The Shaker religious movement dates to England in the mid-eighteenth century. Two Quakers from Manchester, James and Jane Wardley. One early adherent, Ann Lee, soon became the movement’s leader and became known as “Mother Ann.” One of the most notable attributes of the Shaker movement is their commitment to celibacy; Mother Ann felt called to celibacy after her marriage to Abraham Stanley in 1761 led to all four of her children dying in infancy. She came to believe that sexual intercourse and marriage were sinful. By the 1800s, no married individuals were allowed to live in Shaker communities without both members agreeing to not cohabitate nor have sex.1

Persecution led to the Shakers leaving England and coming to the United States in 1774, and they dispersed across the United States. Lee and seven followers settled in Watervliet in 1776.2 It was only at this point, in Watervliet, that the Shakers embraced communitarianism.3 Beyond celibacy and communalism, another important tenet of Shakerism is that Mother Ann Lee was the second coming of Jesus Christ.4 Shakers often faced persecution for their communal and celibate lifestyle, along with their enthusiastic and bodily method of worship.5 The name Shakers actually came from the term “Shaking Quakers,” commonly used in the early years.
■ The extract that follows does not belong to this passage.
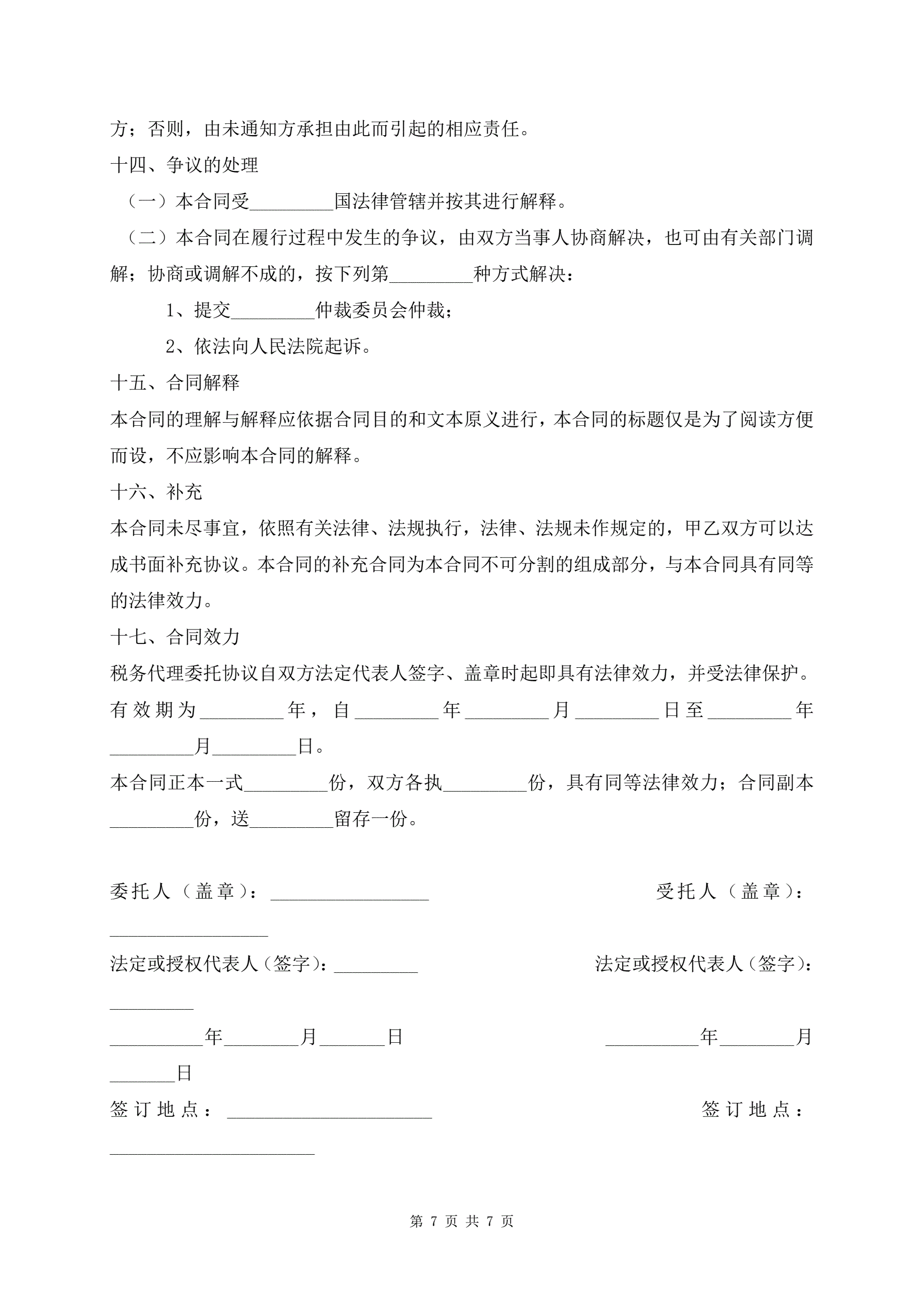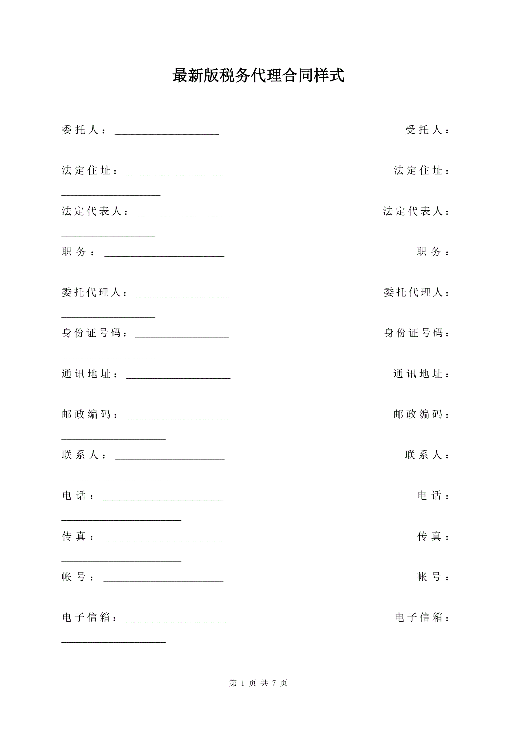 >最新版税务代理合同样式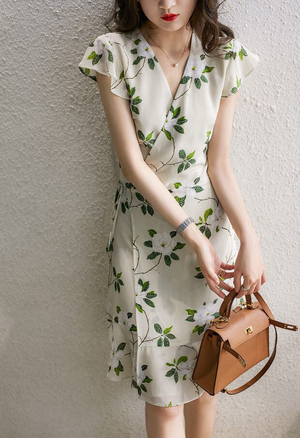 レディース ワンピース ドレス ワンピースドレス 膝丈 フレアスリーブ フリル袖 Vネック カシュクール ストレート ラップ フェミニン ウエストマーク 透け感 大人可愛い きれいめ シンプル カジュアル 上品 おしゃれ エレガント モダン 主役級 抜け感 ベーシック ナチュラル 花柄 フラワー 夏 デート お出かけ パーティー イベント リゾート 旅行 レストラン 女子会 休日 ホテル ショッピング カフェ 韓国 オルチャン コーデ 体型カバー 普段使い 着回し S M L XL 2XL ホワイト

Figure 2. A group of Shakers posing for a postcard photograph in Troy, New York in the 1870s. Note the clothing and the preponderance of women to men. Photo from the Library of Congress. [Irving, James E., ‘Group of Shakers’, between 1870 and 1880, Photograph, Washington D.C , Library of Congress, Prints and Photographs Division.]
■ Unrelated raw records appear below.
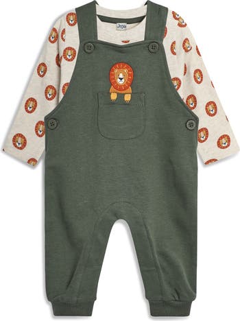 Your little cub will be the mane attraction in this adorable cotton set that pairs a lion-print T-shirt with fleece dungarees featuring a cute appliqué peeking out to say 'hello.'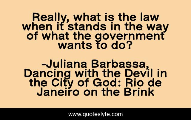 This page presents the quote "Really, what is the law when it stands in the way of what the government wants to do?". Author of this quote is Juliana Barbassa, Dancing with the Devil in the City of God: Rio de Janeiro on the Brink. This quote is about law, government,.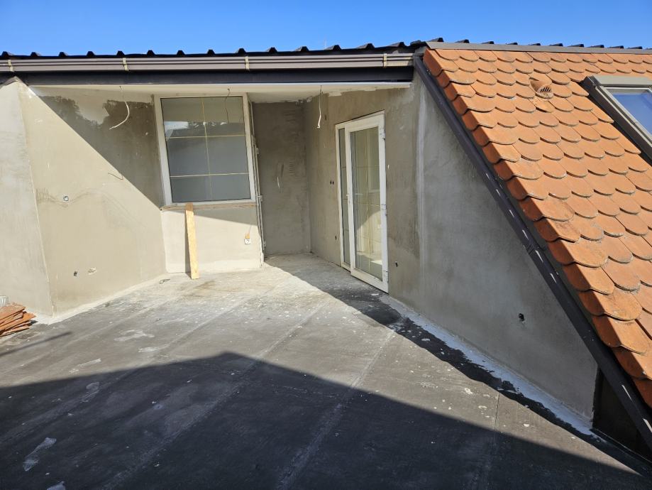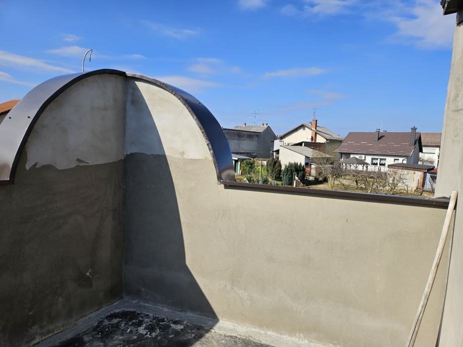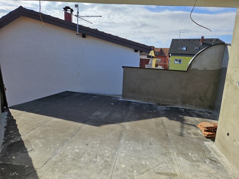 Iznad garaža, poslovni prostor i velika terasa sa predviđenim mjestom za roštilj/krušnu peć.
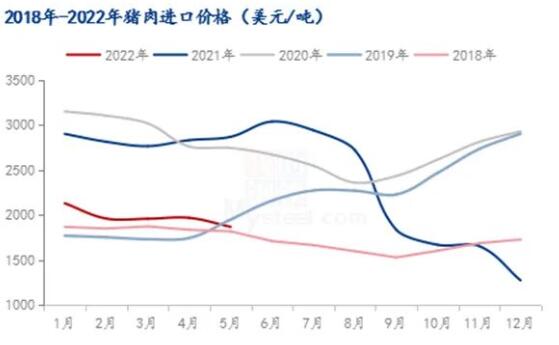 海關最新數(shù)據(jù)顯示,2022年5月中國豬肉進口13萬噸,環(huán)比下跌7.14%,同比下跌64.86%。2022年1至5月,中國累計進口豬肉68萬噸,同比減少65.2%。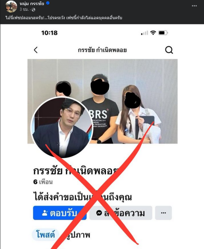 เรียกได้ว่าเป็นพิธีกรชื่อดังมากความสามารถอย่าง หนุ่ม กรรชัย ที่ล่าสุดได้ออกมาโพสต์ข้อความเตือนผ่านเฟซบุ๊ค หลังมีผู้ที่ไม่หวังดีได้ปลอม Facebook มีชื่อว่า กรรชัย กำเนิดพลอย พร้อมเขียนข้อความไว้ว่า ไอ้นี่เฟซปลอมนะครับ!...โปรดระวัง เฟซนี้กำลังไล่แอดบุคคลอื่นครับ

Figure 2. A group of Shakers posing for a postcard photograph in Troy, New York in the 1870s. Note the clothing and the preponderance of women to men. Photo from the Library of Congress. [Irving, James E., ‘Group of Shakers’, between 1870 and 1880, Photograph, Washington D.C , Library of Congress, Prints and Photographs Division.]

In the late eighteenth century, Shaker growth led to the establishment of other settlements in New England and beyond. The Mount Lebanon community in Ohio became the center of Shakerism. In the twentieth century, the decline of the overall Shaker population affected Watervliet. In the 1920s, an outside person was hired to manage the farm, and in 1926, part of the property was sold to New York state, including huge barns built only the decade before in the hopes of expansion.6 The community still at Watervliet in 1926, when the census gathered information, would have lived only in the South Family part of the settlement. By 1938, the society no longer owned any of the Watervliet settlement.7 However, Watervliet remained an important Shaker site, with Mother Ann Lee and other leaders buried on the grounds. Today, the settlement is a historic district.
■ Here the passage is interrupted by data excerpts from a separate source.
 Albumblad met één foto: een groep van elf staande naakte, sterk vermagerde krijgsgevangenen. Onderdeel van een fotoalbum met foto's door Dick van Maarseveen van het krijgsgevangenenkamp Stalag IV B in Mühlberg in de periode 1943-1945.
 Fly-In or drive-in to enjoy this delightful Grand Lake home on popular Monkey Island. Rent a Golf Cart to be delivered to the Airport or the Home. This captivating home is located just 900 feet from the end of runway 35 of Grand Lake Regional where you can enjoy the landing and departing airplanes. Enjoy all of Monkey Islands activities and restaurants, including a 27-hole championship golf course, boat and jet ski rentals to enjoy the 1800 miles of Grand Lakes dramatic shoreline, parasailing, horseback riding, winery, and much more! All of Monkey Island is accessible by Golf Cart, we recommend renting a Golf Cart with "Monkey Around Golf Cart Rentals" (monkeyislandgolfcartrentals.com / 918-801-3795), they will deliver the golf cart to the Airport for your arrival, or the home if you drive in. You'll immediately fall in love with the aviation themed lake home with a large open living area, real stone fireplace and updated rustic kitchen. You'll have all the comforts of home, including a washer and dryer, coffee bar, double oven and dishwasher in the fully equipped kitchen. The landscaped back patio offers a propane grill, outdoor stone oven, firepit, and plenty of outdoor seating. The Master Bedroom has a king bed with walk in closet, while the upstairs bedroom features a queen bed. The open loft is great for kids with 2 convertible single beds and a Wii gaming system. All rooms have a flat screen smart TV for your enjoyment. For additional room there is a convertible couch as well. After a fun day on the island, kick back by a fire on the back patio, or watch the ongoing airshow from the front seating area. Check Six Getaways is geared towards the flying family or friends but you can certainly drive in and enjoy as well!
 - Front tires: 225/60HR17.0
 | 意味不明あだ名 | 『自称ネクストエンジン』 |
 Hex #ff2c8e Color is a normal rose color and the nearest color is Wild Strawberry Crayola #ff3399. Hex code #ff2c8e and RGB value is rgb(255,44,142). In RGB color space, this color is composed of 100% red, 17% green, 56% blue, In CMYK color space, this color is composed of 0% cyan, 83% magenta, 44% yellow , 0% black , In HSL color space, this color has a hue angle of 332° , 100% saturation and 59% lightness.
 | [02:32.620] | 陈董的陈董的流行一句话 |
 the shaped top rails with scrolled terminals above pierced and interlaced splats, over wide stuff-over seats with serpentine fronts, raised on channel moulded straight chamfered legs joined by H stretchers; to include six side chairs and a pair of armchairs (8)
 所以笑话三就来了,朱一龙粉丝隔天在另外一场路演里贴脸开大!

Anna Case, who listed herself as “Trustee” on the Official Title line, filled out the schedule for the Watervliet Shakers. Case was also listed as “head of household” for the 1920 Census, which listed thirty members, including Case, living at the commune, including four children under the age of thirteen.8 Case was the last Eldress of the Watervliet Shakers, heralding the group in their last decades at the settlement. She was around seventy-years old in 1926 and had been a part of the society since she was around eleven years old and ran away from her abusive household.9 She found the community while seeking shelter, then converted and remained as a member. Case became a leader of the community in early adulthood, assisting other eldresses before being promoted as the Trustee in 1915, meaning she was in charge of all business at the settlement.10

Figure 3. The school house at the Watervliet Shaker community in Colonie, New York. The school closed after 1926. Photo from the Library of Congress. [Historical American Buildings Survey, “Shaker Schoolhouse, Watervliet Shaker Road, Colonie Township, Watervliet, Albany County, NY”, after 1933, Photograph, Washington D.C., Library of Congress, Prints and Photographs Division].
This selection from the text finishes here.